Chubb's second quarter earnings released yesterday were not only a chance to glorify its own position in the market, but an opportunity to trash those who are limping through the demolition derby, specifically American International Group. The insurance world according to Chubb: Bring in the tow truck and haul it off to the trash compactor.
"We compete against companies that are unsustainable except for government intervention," Chubb Chief Operating Officer John Degnan told analysts at the earnings conference. "If consumers are unlikely to buy a car built by the government, why would they want to buy an insurance policy (from it)?"
This variation on the old adage, "Would you buy a used car from this man?" is an obvious attempt to take away policyholders from one of AIG's remaining profitable businesses: high-net-worth customers who need insurance for their jewelry, fine arts and lakefront homes.
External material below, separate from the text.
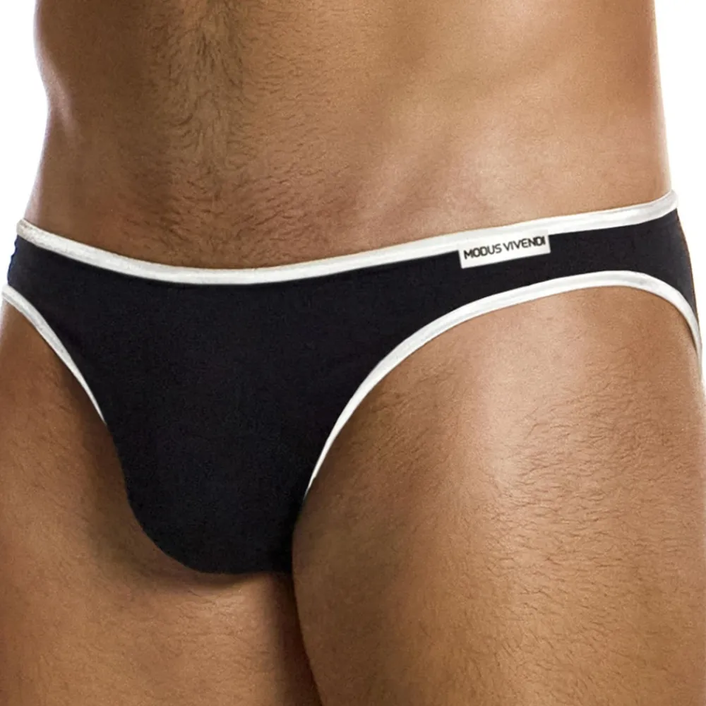 Slip luxueux, élégant et confortable en mélange très doux de soie et de viscose. Coupe taille basse. Poche frontale non doublée. Bordures satinées de couleur contrastée. Etiquette Modus Vivendi en silicone cousue sur la fine ceinture élastique.

Chubb caters to the same wealthy end of the property and commercial insurance spectrum; its policies, while not cheap, are for people who want to be paid off and not bothered when the Ferrari is totaled or the mansion goes up in smoke.
Why is Chubb so angry at AIG and others like Hartford Financial that have taken TARP money? The answer could be that, as BNET Finance has reported, New York and Pennsylvania are investigating whether AIG is deliberately using federal bailout dollars to undercut the market. No charges have been filed yet, and may never be, but AIG has a reputation for undercutting other insurers, and using the taxpayers' credit card could make it easier.
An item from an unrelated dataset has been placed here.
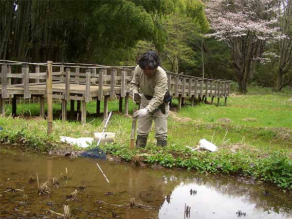 田起こしの前に、アズマヒキガエルのオタマジャクシを手網で掬って、一時的に避難させることにしました。
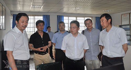 省運管局局長王波(左三)在南充汽車客運站檢查汛期安全工作 省運管局局長王波在南充汽車客運站查閱旅客行包安檢資料

Not that Chubb's hurting. Operating income, which is the yardstick to measure insurers, rose 6 percent in the second quarter. Chubb raised its full-year forecast and also said it would accelerate its share buyback program so as to complete it by the end of the year.
But dark clouds are looming on the horizon. Net written premiums declined in all three of Chubb's major units. Its commercial insurance unit, which insures businesses, was down 7 percent. And a survey by the Council of Insurance Agents and Brokers shows there's no sign of a better market for commercial insurers in the future. So Chubb would like nothing better than to see AIG and Hartford out of the picture once and for all.
And one way to do that is to buy their property casualty units for a low price. Chubb's already checked out Hartford. Could it be talking down the competition to lower the price?